1º de Maio na rua em 2023
As intervenções finais ficaram para a Presidente e para o Secretário-Geral da UGT. Lucinda Manuela Dâmaso referiu que a UGT celebrou este 1º de Maio a pensar nos que sofrem com a precariedade, nas mulheres trabalhadoras que recebem menos do que os homens em cargos iguais, nos jovens tão necessários para os sindicatos e também nos milhares de trabalhadores pobres.
Nesse sentido, "a UGT vai aceitar o repto que o Primeiro-Ministro lançou dizendo que era impensável que ainda existissem trabalhadores pobres. Por isso, nós dizemos daqui, Sr. Primeiro-Ministro, a UGT está interessada em trabalhar com o Governo para que estes trabalhadores deixem de ser pobres e tenham uma vida digna". Devido à inflação, "os trabalhadores que pertenciam à classe média vão passar a ser pobres. Por isso, é fundamental aumentar os rendimentos, seja por aumento de salários, ou por redução de impostos. A UGT não vai desistir da dignificação do trabalho".

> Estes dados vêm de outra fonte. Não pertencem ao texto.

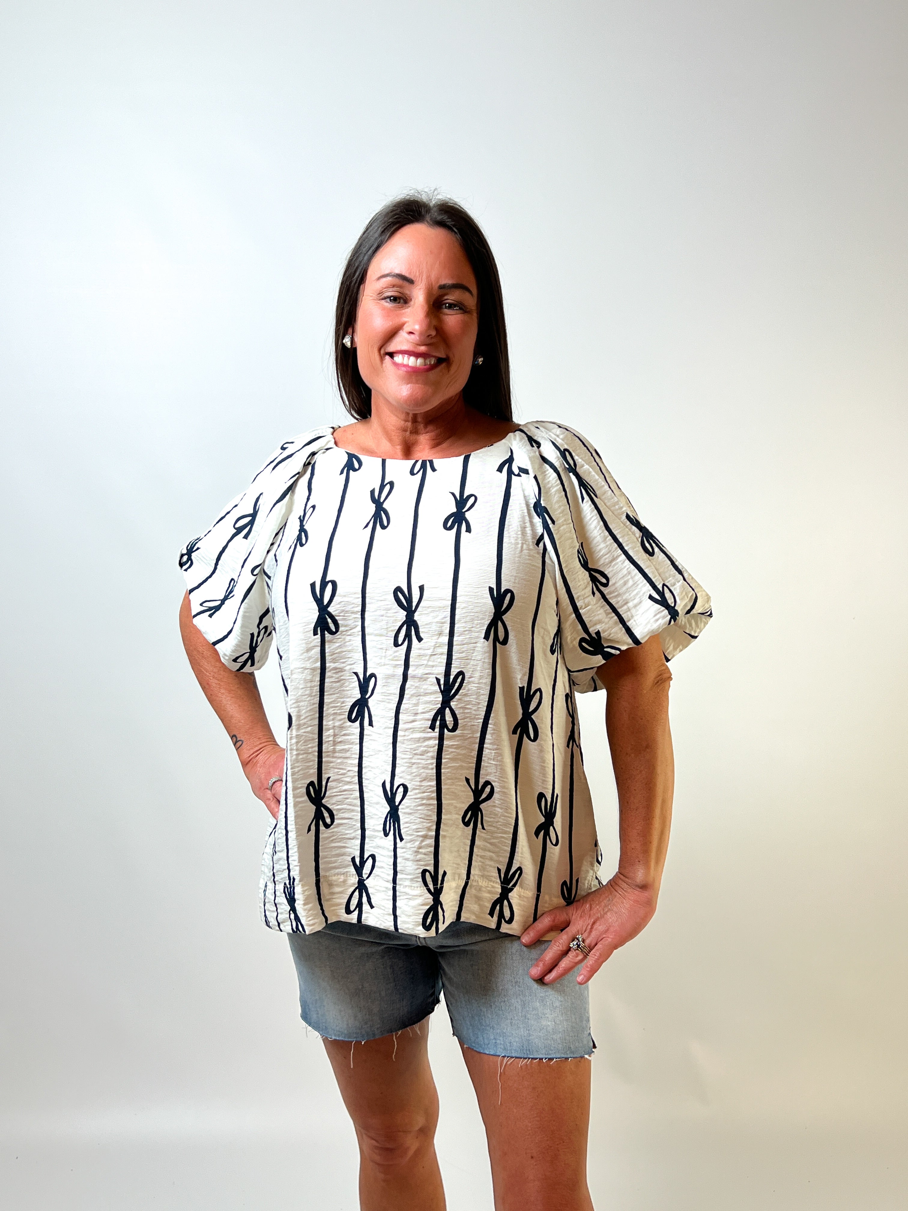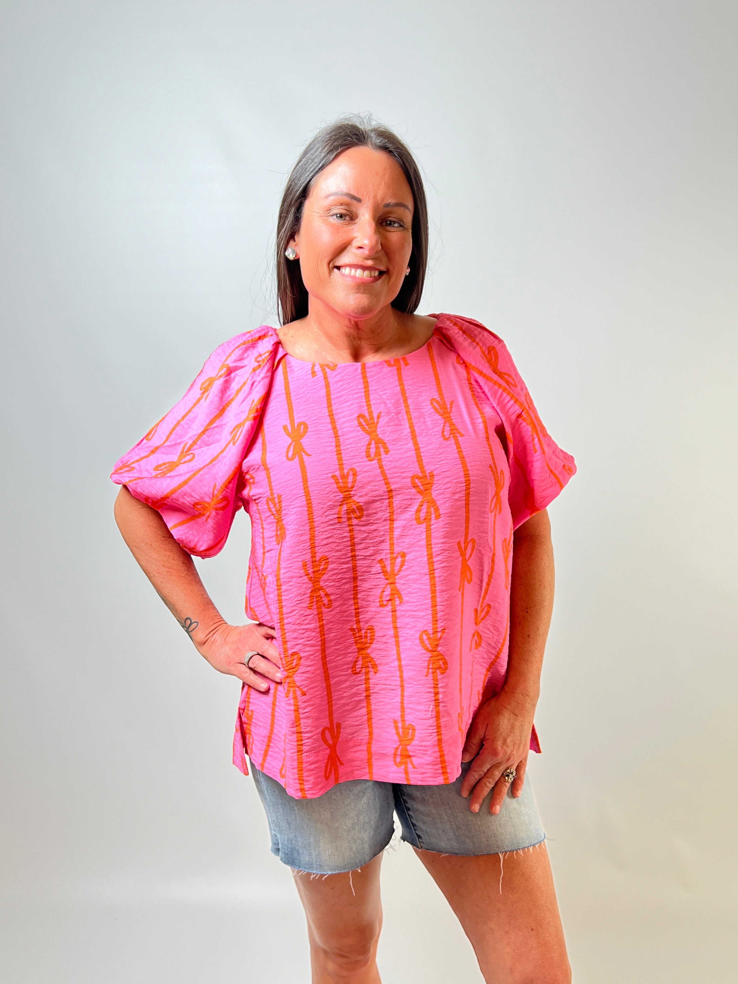 Elevate your style game with Whimsy Ribbons Puff Sleeve Top! This trendy umgee top features cute bows, available in cream and pink, and puff sleeves that make a statement. Perfect for any occasion, in sizes small-large. Add a touch of whimsy to your wardrobe!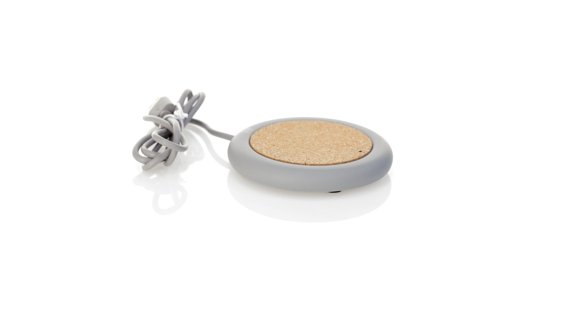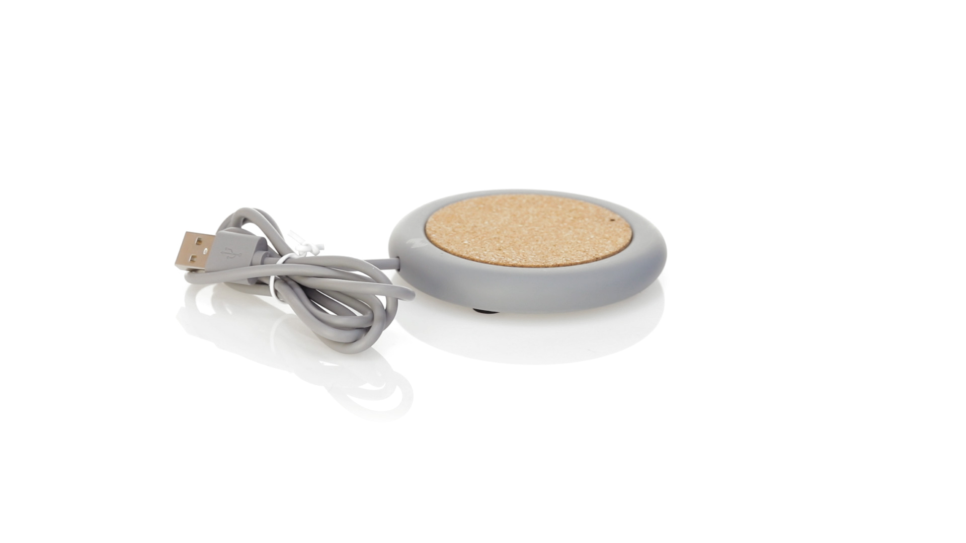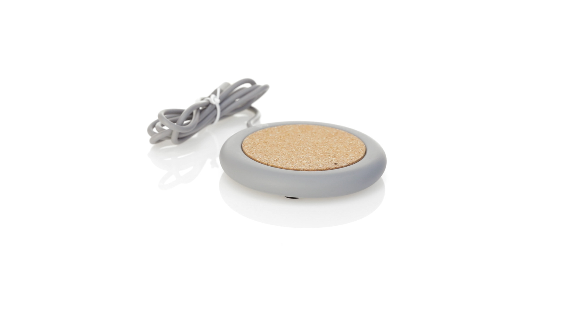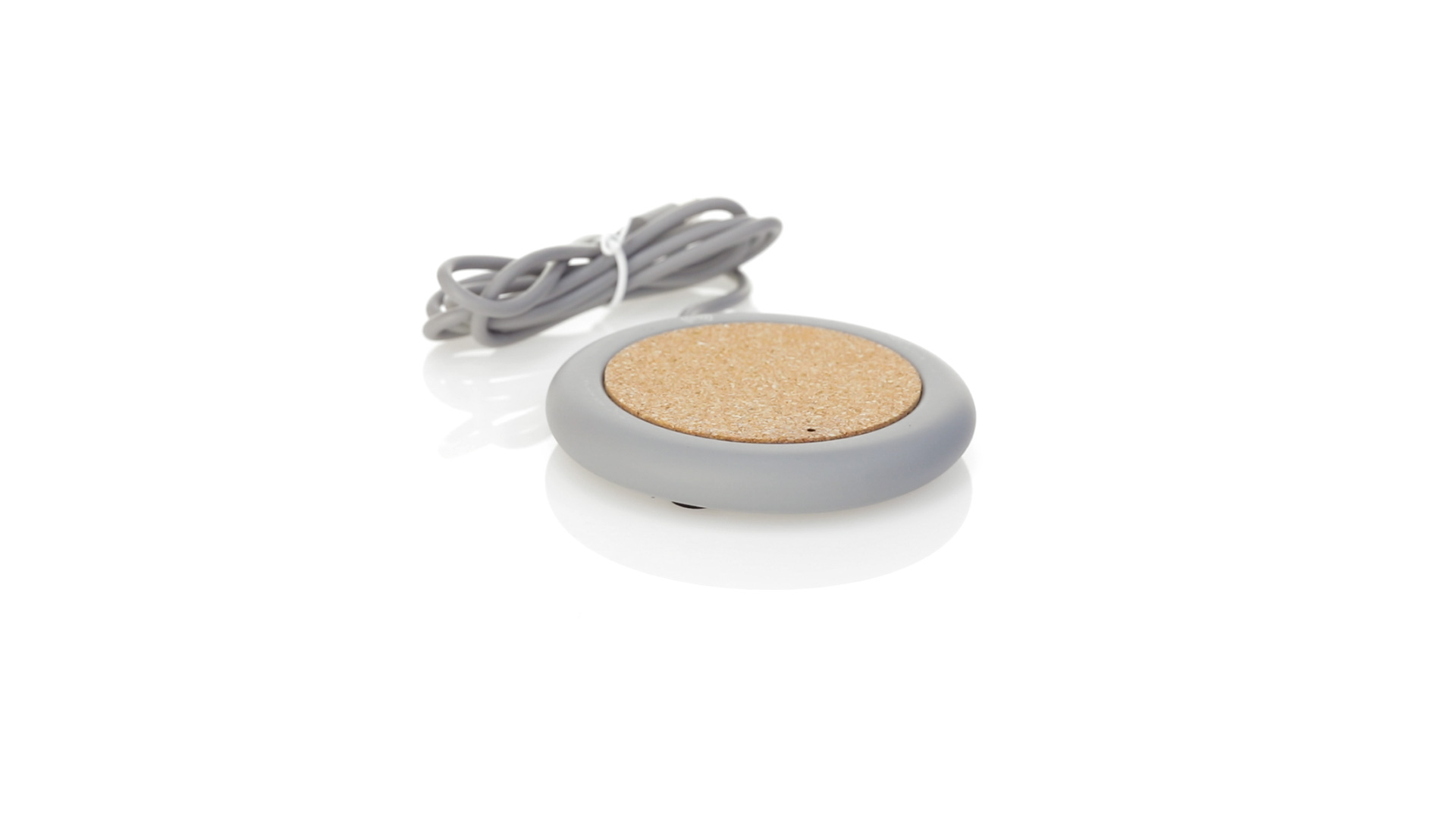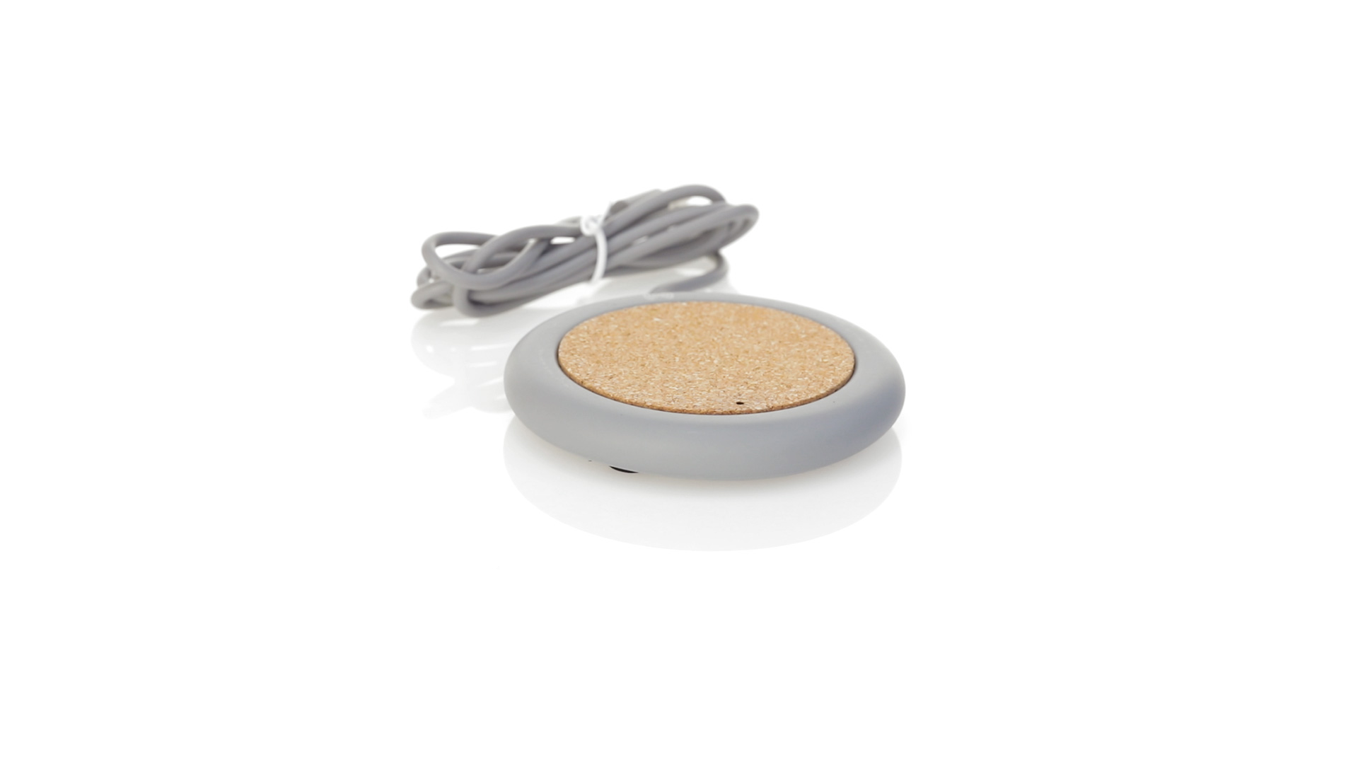 Drahtloses Ladegerät 5W Nature Line im kreisförmigen Design, in Kombination von Naturkork und Kalksteinzement, einem Konglomerat, das durch Mischen von natürlichen Materialien, hauptsächlich gemahlenem Kalkstein und Wasser, gebildet wird, wodurch ein Material von grosser Konsistenz und Haltbarkeit entsteht.LED-Anzeige und passendes 1 m langes USB-Ladekabel. Kompatibel mit Geräten, die mit kabelloser Ladetechnik ausgestattet sind. Sicherheitsschutz zum Schutz vor Überhitzung, Überladung und Kurzschluss. Präsentiert in attraktiver Öko-Design-Box.

No seu primeiro discurso como novo Secretário-Geral da UGT, Mário Mourão, deixou o desejo e compromisso de "trazer o sindicalismo para o século 21", adaptado às mudanças, aos desafios e a novos comportamentos". Mas a ideia forte do seu discurso passou pelo salário médio, para o que “urge passar das palavras aos atos". De outro modo, "a luta - na rua – acontecerá, se os governos e patrões fizerem orelhas moucas aos salários dignos que exigimos para a Administração Pública, para o Setor Privado e para o setor Empresarial do Estado".
A precariedade, a reposição do poder de compra devido à subida da inflação, os despedimentos selvagens e injustificados (“hipocritamente denominados de rescisões por mútuo acordo") e o impacto das fusões, concentrações ou vendas de grandes empresas são também apontados. A rematar, Mário Mourão deixou a garantia de que no 1º de Maio de 2023 a UGT voltaria à rua para reclamar todos os direitos que os trabalhadores portugueses merecem e querem ver garantidos.